The Office for National Statistics said the retail, public transport and haulage, and health categories all performed well. However, at the Bank of England’s press conference on Thursday, it was noted that Threadneedle Street’s agents aren’t as sure about the health of the consumer economy as the numbers suggest they ought to be.

It is quite true that wage rises have been running ahead of Britain’s much lower inflation for some time – and by quite a wide margin. The flip side is that rents have been rising fast, while owner-occupiers face much higher mortgage costs when they come to remortgage at the end of their fixes, as a consequence of the sharp rise in UK interest rates.

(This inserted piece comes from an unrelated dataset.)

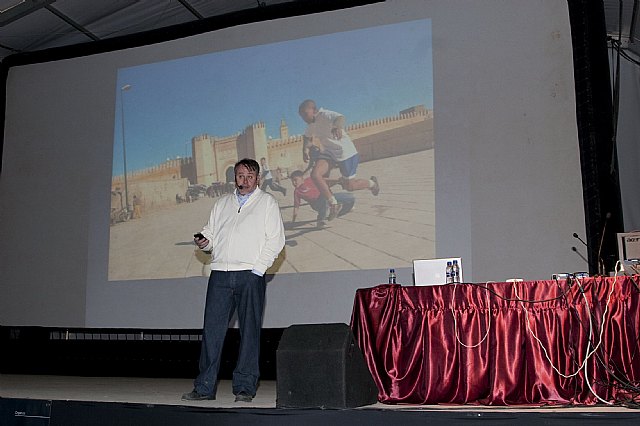Esta noche la programación de Fotogenio 2009 continuará con sesiones audiovisuales con la proyección de la Asociación Española de Fotógrafos de Naturaleza (Aefona), Eduardo Blanco, Caja Mediterráneo: Obra Social, Asociación Punto de Enfoque de la Región de Murcia y la web miradanatural.es. Seguidamente iniciarán las “Sesiones Golfas” en la que todos los participantes de Fotogenio tienen la posibilidad de proyectar su porfolio en la pantalla gigante de la carpa principal.

For the prime minister to derive any benefit at the ballot box, he needs voters to feel some benefit from the recovery that numbers say is now underway. Which brings us to the real sting in the tail from this – and there’s always one: the City immediately downgraded the odds of a June interest rate cut.

The rate-setting Monetary Policy Committee is divided on how to proceed. The vote went 7-2 for no change at the latest meeting, as I wrote yesterday, but governor Andrew Bailey noted that there was a divergence of views among the majority about inflationary risks.

A healthier, faster-growing economy might just be enough to persuade the MPC’s waverers to hold off on cutting base rates of 5.25 per cent until August. The interest rate swaps market, which governs the price of fixed-rate mortgage deals, will also have taken note of this, which has negative implications for homeowners.

Every silver lining has a cloud, and all that.